#### [ASSIGNMENT]
The answer should hold only the lines from the one that contains "沈佺期於明亡後,入臺以醫藥救人 續修臺灣府志卷十二 台灣文獻史料叢刊" through the last line of the material, repeated exactly, without pictures.

#### [DATA FOR ANALYSIS]
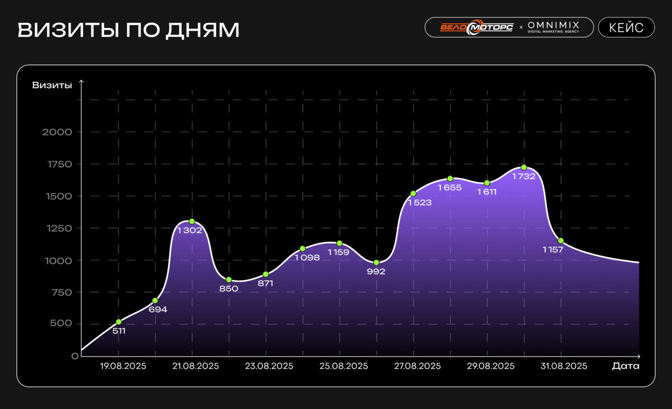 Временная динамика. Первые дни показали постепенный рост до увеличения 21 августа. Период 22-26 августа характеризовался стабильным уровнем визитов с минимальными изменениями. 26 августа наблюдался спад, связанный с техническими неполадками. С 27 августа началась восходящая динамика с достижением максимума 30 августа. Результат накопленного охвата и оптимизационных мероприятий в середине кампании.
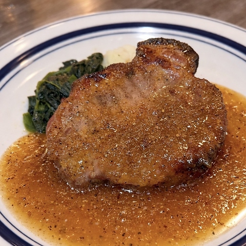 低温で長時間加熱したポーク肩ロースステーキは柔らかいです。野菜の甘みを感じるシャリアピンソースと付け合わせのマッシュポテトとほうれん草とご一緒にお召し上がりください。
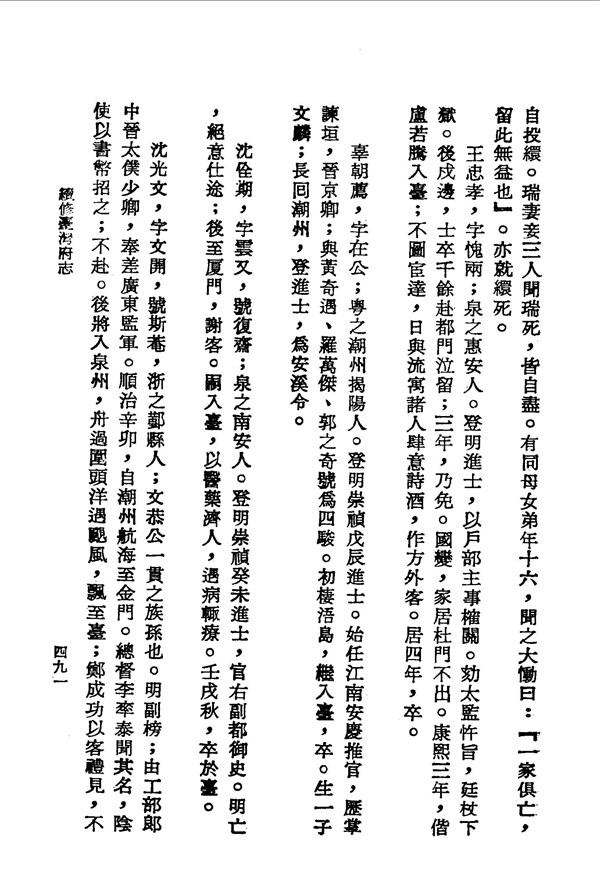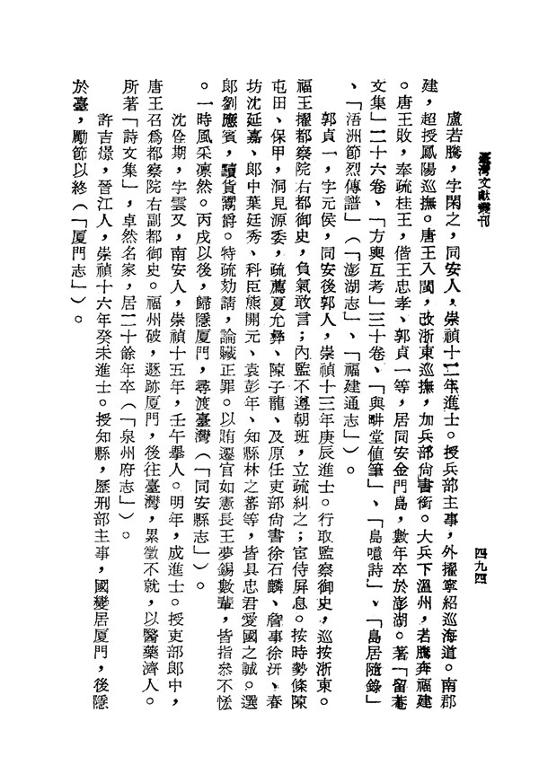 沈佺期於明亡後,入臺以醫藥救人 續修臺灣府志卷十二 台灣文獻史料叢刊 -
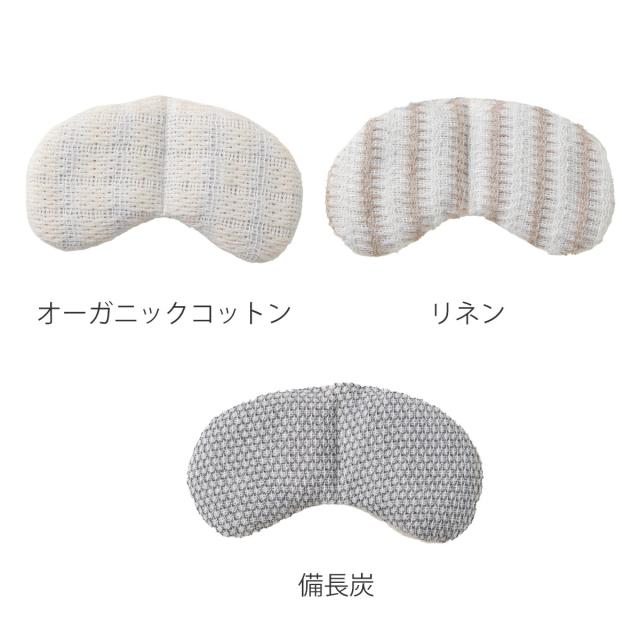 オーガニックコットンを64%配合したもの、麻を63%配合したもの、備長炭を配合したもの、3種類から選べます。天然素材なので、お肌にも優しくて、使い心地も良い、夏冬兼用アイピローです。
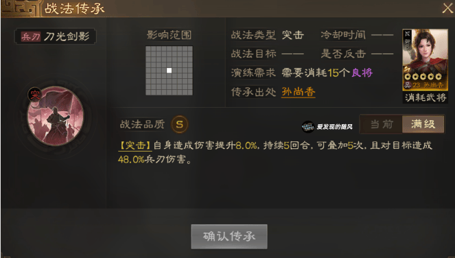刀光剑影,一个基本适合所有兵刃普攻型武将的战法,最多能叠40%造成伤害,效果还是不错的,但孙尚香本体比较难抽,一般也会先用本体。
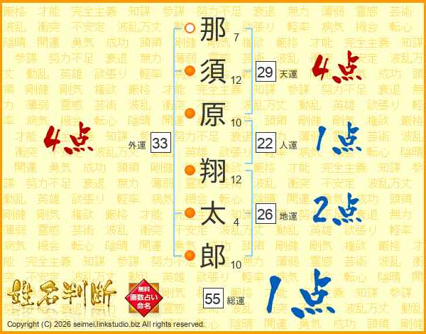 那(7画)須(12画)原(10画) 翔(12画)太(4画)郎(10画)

#### [EXERCISE OUTPUT]
 沈佺期於明亡後,入臺以醫藥救人 續修臺灣府志卷十二 台灣文獻史料叢刊 -
 オーガニックコットンを64%配合したもの、麻を63%配合したもの、備長炭を配合したもの、3種類から選べます。天然素材なので、お肌にも優しくて、使い心地も良い、夏冬兼用アイピローです。
刀光剑影,一个基本适合所有兵刃普攻型武将的战法,最多能叠40%造成伤害,效果还是不错的,但孙尚香本体比较难抽,一般也会先用本体。
 那(7画)須(12画)原(10画) 翔(12画)太(4画)郎(10画)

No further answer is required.